StreamFlix is facing challenges with user retention and engagement. Users are also overwhelmed by the vast library of movies available and often spend a considerable amount of time searching for movies they would enjoy. StreamFlix is, therefore, looking for a way to provide personalized movie recommendations to its users to improve their viewing experience and increase platform usage.
This project follows the CRISP-DM methodology which entails:
Online streaming services such as StreamFlix aim to enhance user experience and retention by providing personalized movie recommendations. By delivering tailored content, these services strive to meet individual user preferences making it easier for users, both new and old, to discover movies they are likely to enjoy. This personalized approach is crucial because it increases user engagement, satisfaction and loyalty leading to higher user retention rates. For the business, this means improved subscription renewals, reduced churn rates and a more competitive edge in the crowded streaming market. Ultimately, providing proper personalized recommendations will help Sttreamflix build a stronger relationship with its users thus fostering long-term growth and success.
The data utilised in this project is the Movielens dataset from GroupLens Research Lab covering movie ratings from 1902 to 2018. The dataset contains 100836 ratings and 3683 tag applications across 9742 movies with each user rating at least 20 films.

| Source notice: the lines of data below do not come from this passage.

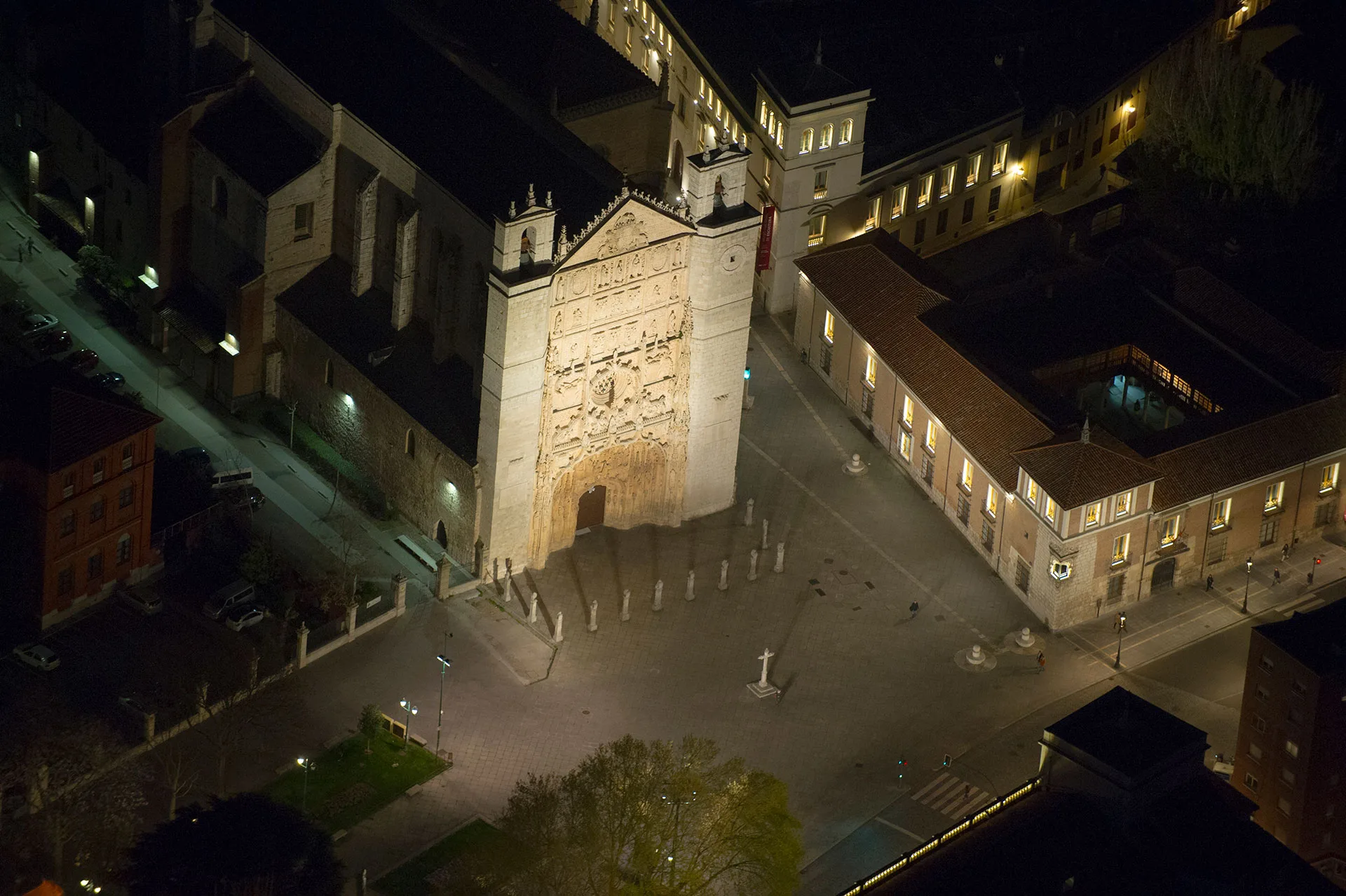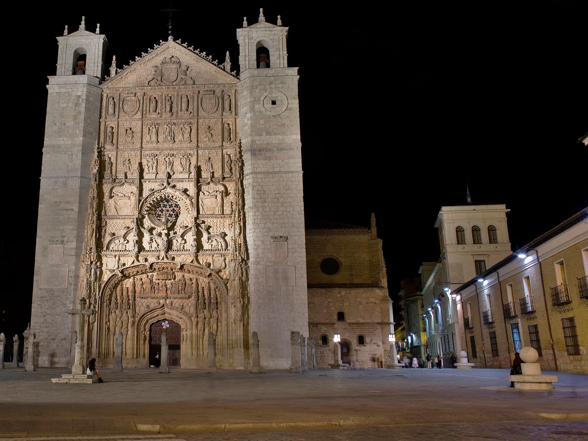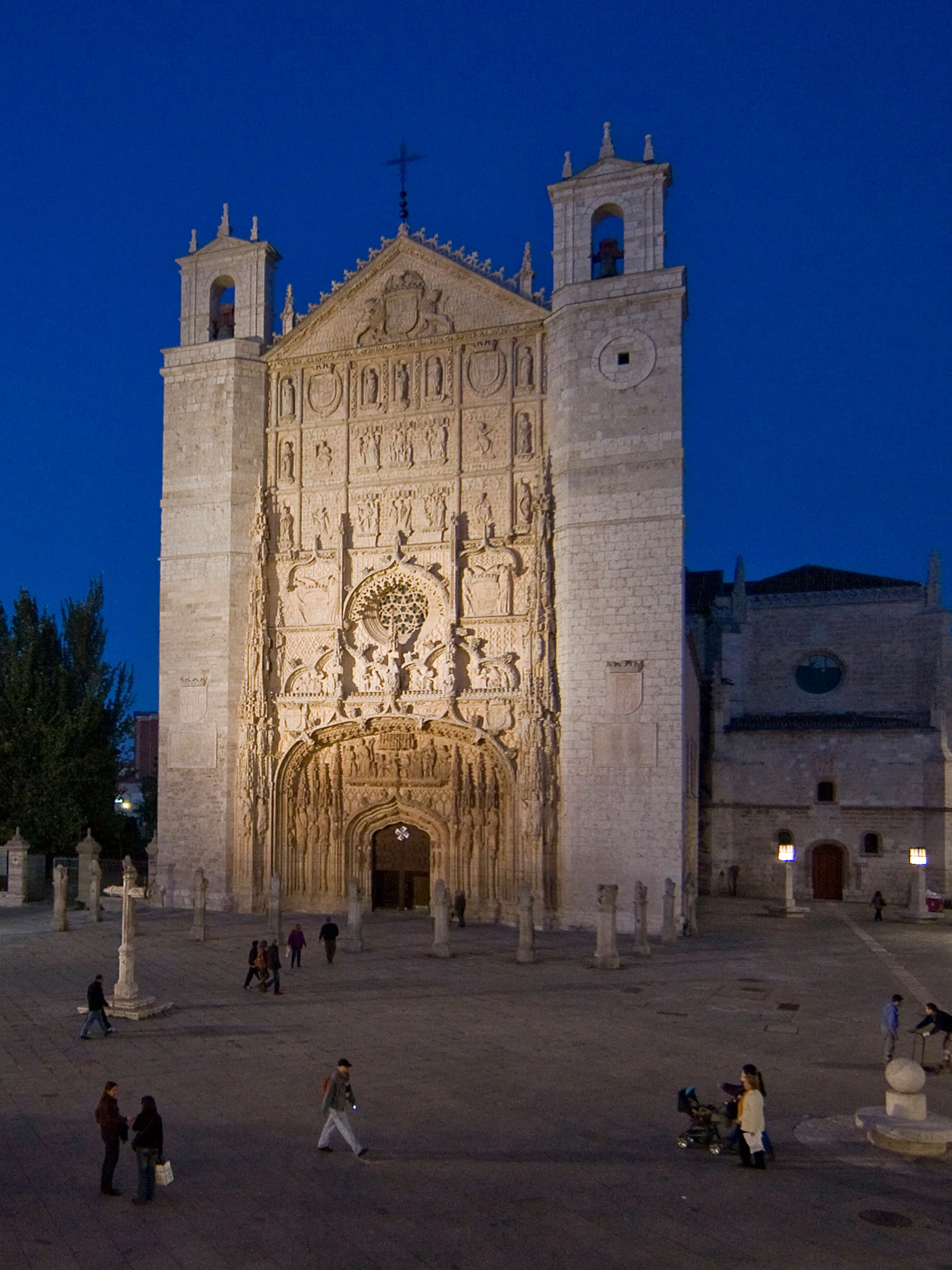 La magnífica fachada, con un entresijo ornamental digno de admiración, es un auténtico retablo en piedra. Originalmente solo contaba con el cuerpo inferior (hasta el rosetón) y el frontón superior, que se separó y se elevó hasta su ubicación actual en el siglo XVII a instancia del Duque de Lerma, quien se procuró varios homenajes incluyendo su escudo en el cuerpo nuevo.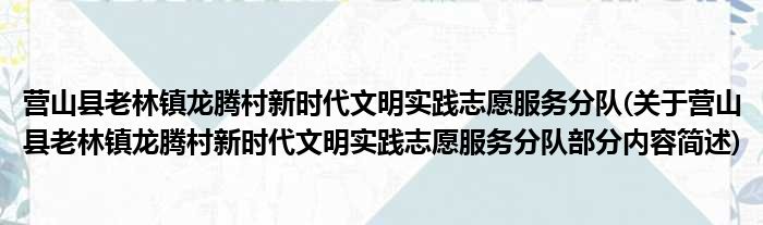 营山县老林镇龙腾村新时代文明实践志愿服务分队(关于营山县老林镇龙腾村新时代文明实践志愿服务分队部分内容简述)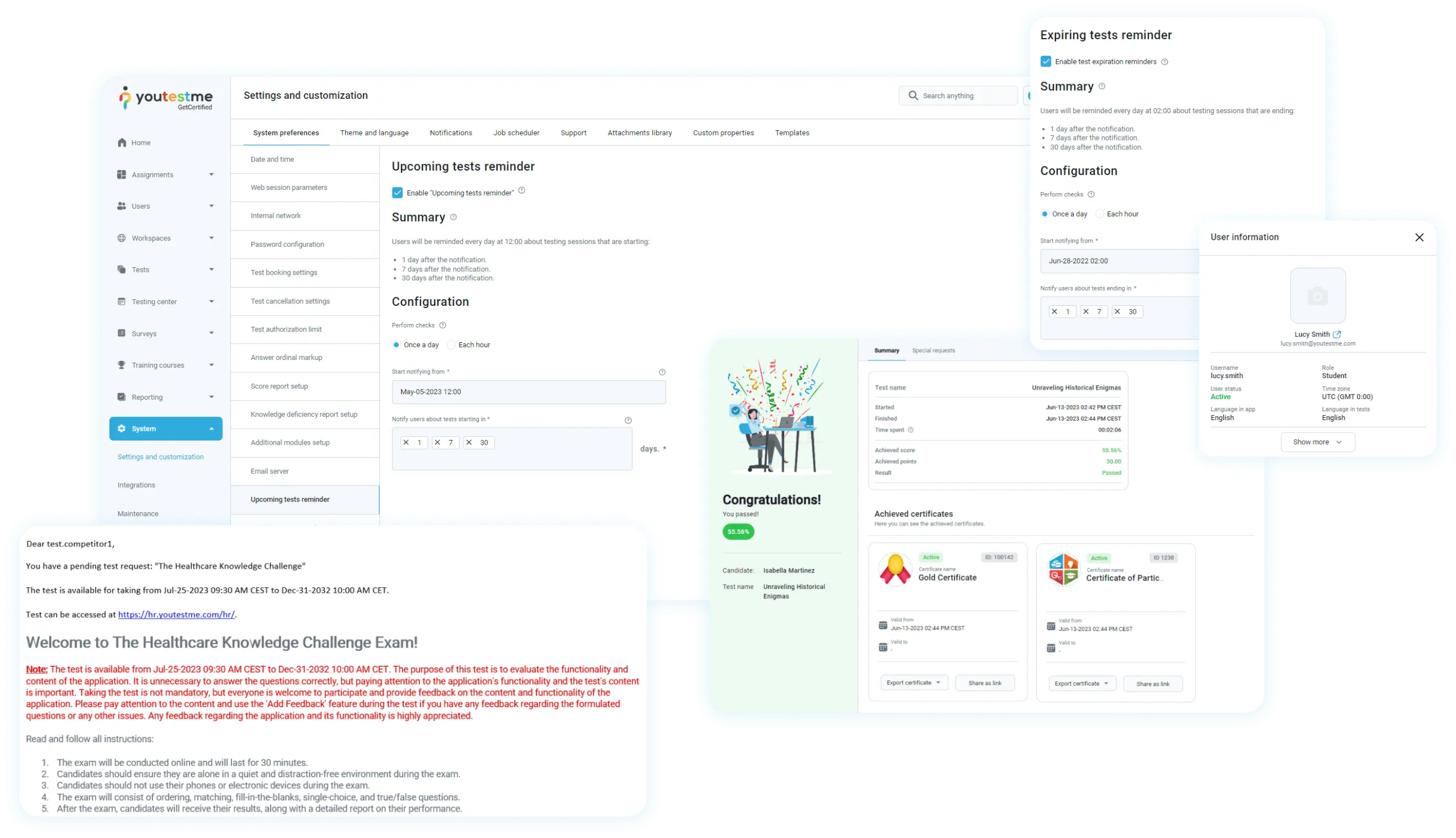 Automated notifications inform candidates of their assignment to tests. Schedule automated reminders to be sent at specific intervals, reminding candidates to participate in certification exams. You can customize these notifications, add instructional materials in different formats, and include direct links. These links redirect candidates to the exam with or without requiring log in.

While the full dataset contains 1.9 million ratings, we focussed on a subset of about 100,000 for our current model due to time and resource constraints. This sample size balances computational efficiency with statistical relevance for our recommendation engine development. The datasets include links.csv
, movies.csv
, ratings.csv
and tags.csv
. The following features were utilized in the development of our recommendation system: movieId
, userId_x
, rating
, title
and genres
.
The datasets were merged on the movieId column resulting in a DataFrame with 285783 rows and 11 columns. The data was sufficient in fulfilling our objectives although additional information such as actors, directors, production studio, runtime and user demographics would have provided more context and insights into user preferences and movie characteristics leading to better recommendations.
We address and correct errors in the dataset by handling missing values, outliers, duplicates and data type inconsistencies. Columns that are least relevant in our analysis are dropped and the userId_x column is then renamed to user_id for ease of reference. Movie release year is then extracted from the movie title column and values in the genres colum n are split into lists for easier analysis. We then examine the properties of the DataFrame and drop missing values and duplicate rows and finally convert the user_id column data type from float64 to int64 for consistency. This ensures that the data is clean and properly formatted setting the stage for accurate modeling.

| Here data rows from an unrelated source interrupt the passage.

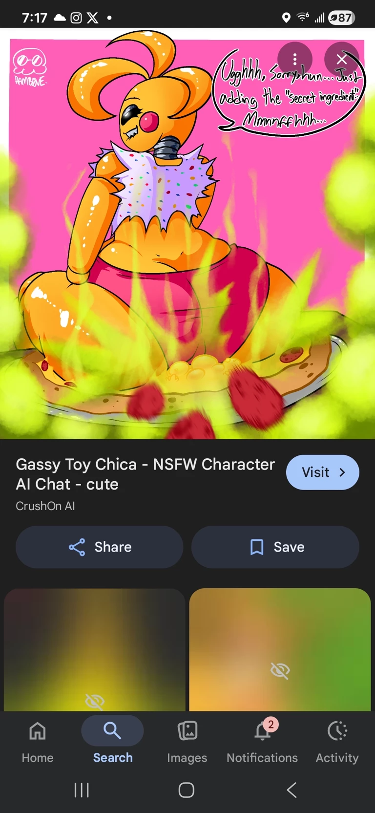 Start an immersive 1‑on‑1 Roleplay with Gassy Toy chica V2 on Emochi. Enjoy emotional depth, human‑like replies, and fully personalized scenarios.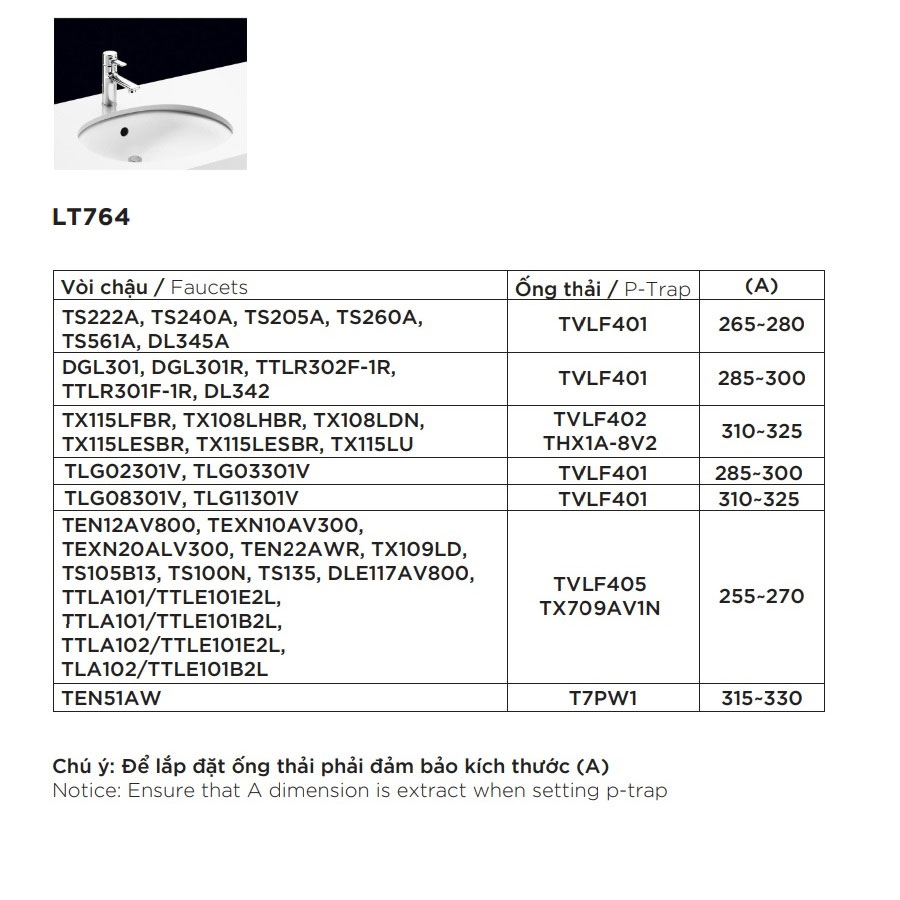 Thông số của chậu rửa lavabo âm bàn TOTO LT764#XW: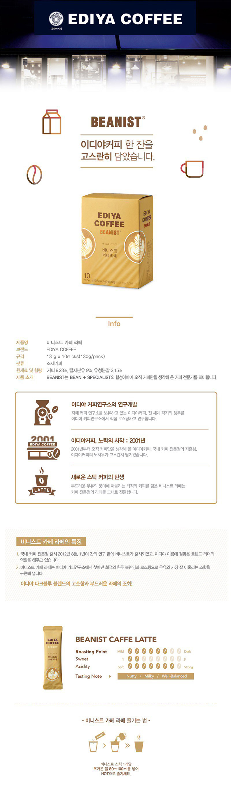 ★Ediya Beanist Caffe Latte 13g 10T★

In this exploratory data analysis (EDA), we aim to uncover patterns, trends and relationships within our dataset using visualizations and statistical techniques.
Distribution of Ratings: The most common rating is 4.0 with about 25,000 movies, the distribution is positively skewed towards higher ratings.
Distribution of Genres: Drama is the most preffered genre with over 40,000 movies followed closely by comedy while niche genres like animation, war, IMAX, musical and Western appear to have fewer than 10,000 movies each.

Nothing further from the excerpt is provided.